The persistence of some people trying to maintain an abusive and toxic relationship is something that continues to amaze us. That is why I would like to explain a little about this behavior so you can understand why these people never give up.

1. These people have a distorted view of reality as they justify their partner's toxic and harmful behavior based on the few good memories they treasure. This is how they justify bad behavior and abuse as a result of bad luck. For example: "Maybe she or he had a bad day at work."
"Maybe she or he is tired." "It is because his or her traumas from the past.", in short, the account is infinite.

2. These people believe that no matter how much physical or emotional abuse they may receive, eventually, the toxic person(the abuser) will change.

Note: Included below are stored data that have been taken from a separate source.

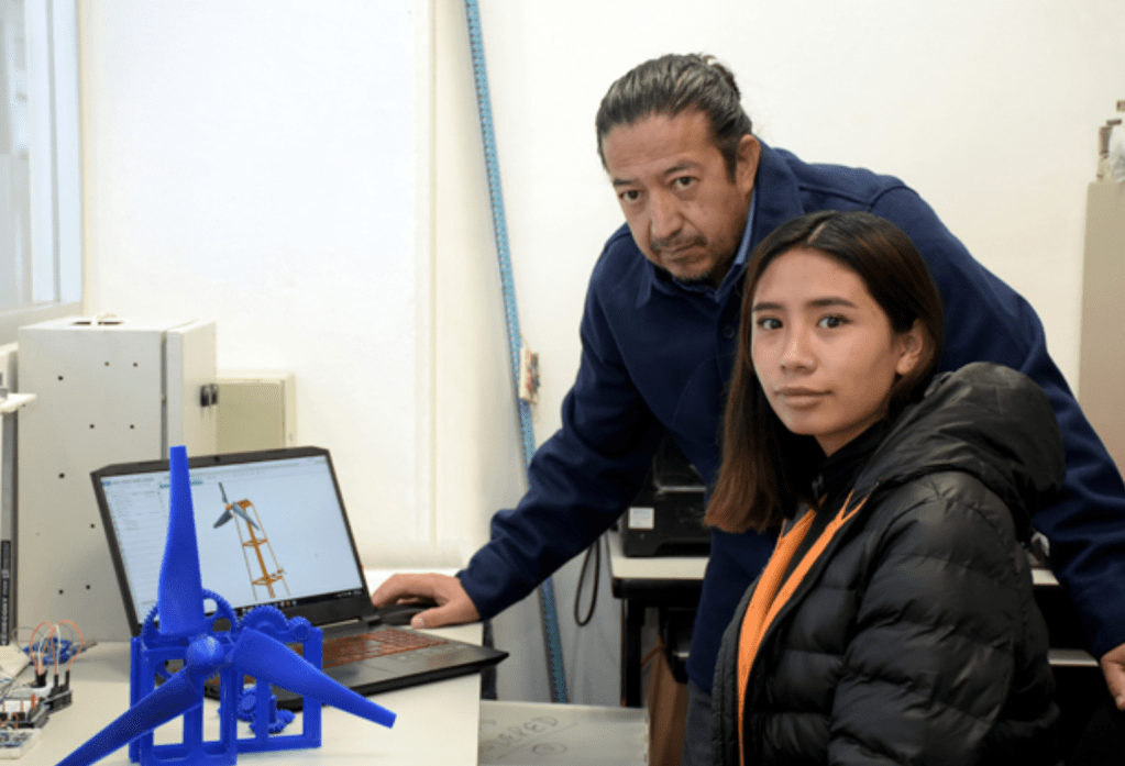 Además, Guadalupe Jiménez Roano, estudiante de Ingeniería Mecánica y Eléctrica, quien participó en el diseño de la plataforma giratoria, cuyo propósito es que la turbina se adapte a la dirección del viento. En este proyecto, dijo, “aprendí acerca de los procesos de fabricación, mediante un diseño asistido por computadora (CAE) para ser llevado a la realidad. Esto me da una dirección e idea del área en la que quiero desempeñarme”.
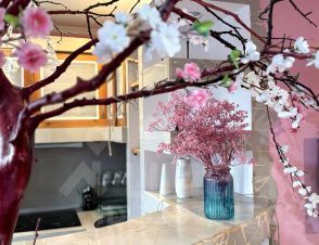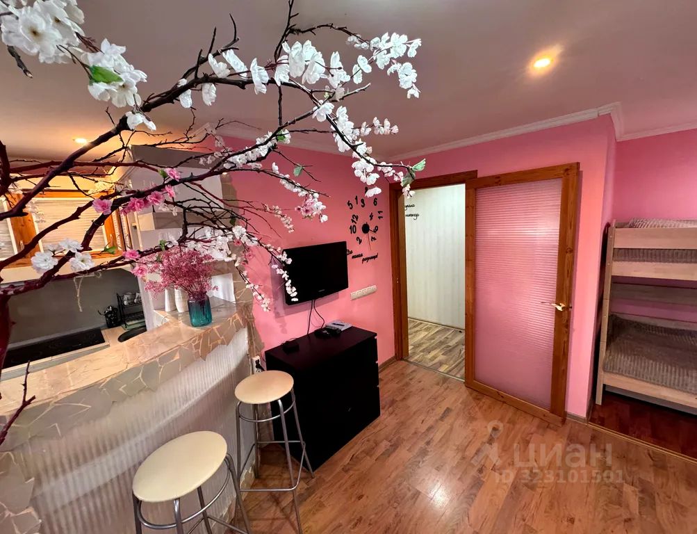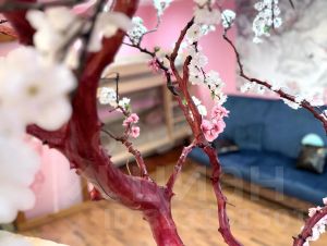Уютная квартира с интересным дизайном, в квартире декорация из настоящего дерева, имитирующая сакуру в Хибинах.
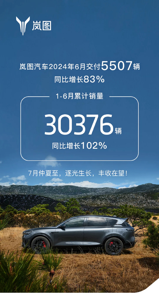 岚图6月交付量同比增83%,1-6月累计交付量30376辆,同比增长102%。
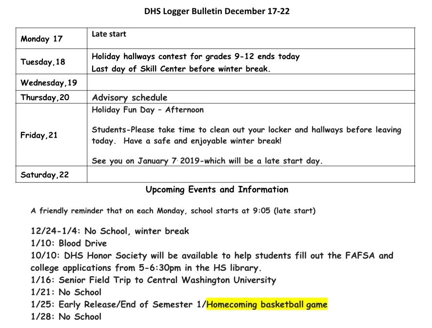 Weekly DHS Logger Bulletin
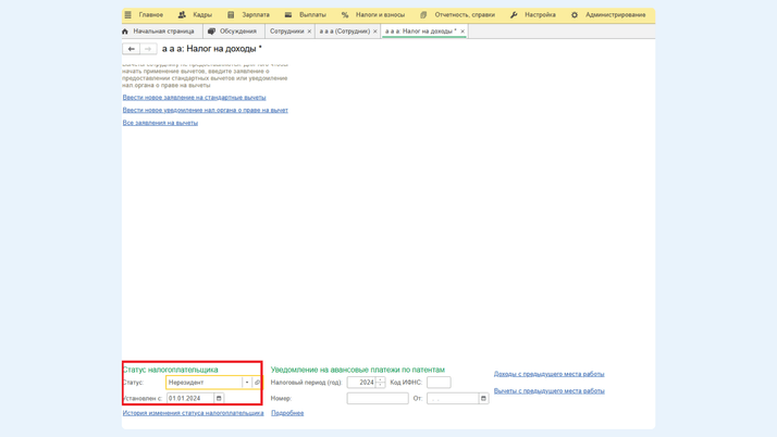 Чтобы изменить статус налогоплательщика, заходим в раздел «Кадры» – «Сотрудники». В карточке сотрудника переходим в раздел «Налог на доходы» – поле «Статус налогоплательщика».

It is very sad to know that people who become attached to a toxic relationship hold in their hearts the hope that if they work hard they will eventually make the abuser change. When people become attached to a toxic relationship, frustration, anger, anxiety, and depressive events will accompany them. The solution is to restructure thoughts and deal with the problem in an objective and mature way.
Mourning for that person even if he has not died is the most recommended step to leave a toxic relationship. It is necessary to understand that such a beautiful relationship with the abuser will never come to reality because it has already died. After the grieving process, may these people never miss the gift of forgiveness and compassion for the toxic person that now they can see.

God has great plans for you! It is time to bury those hopes that sink you to a toxic relationship. Fix our eyes on Jesus that without a doubt, his plans go beyond what you and I can see.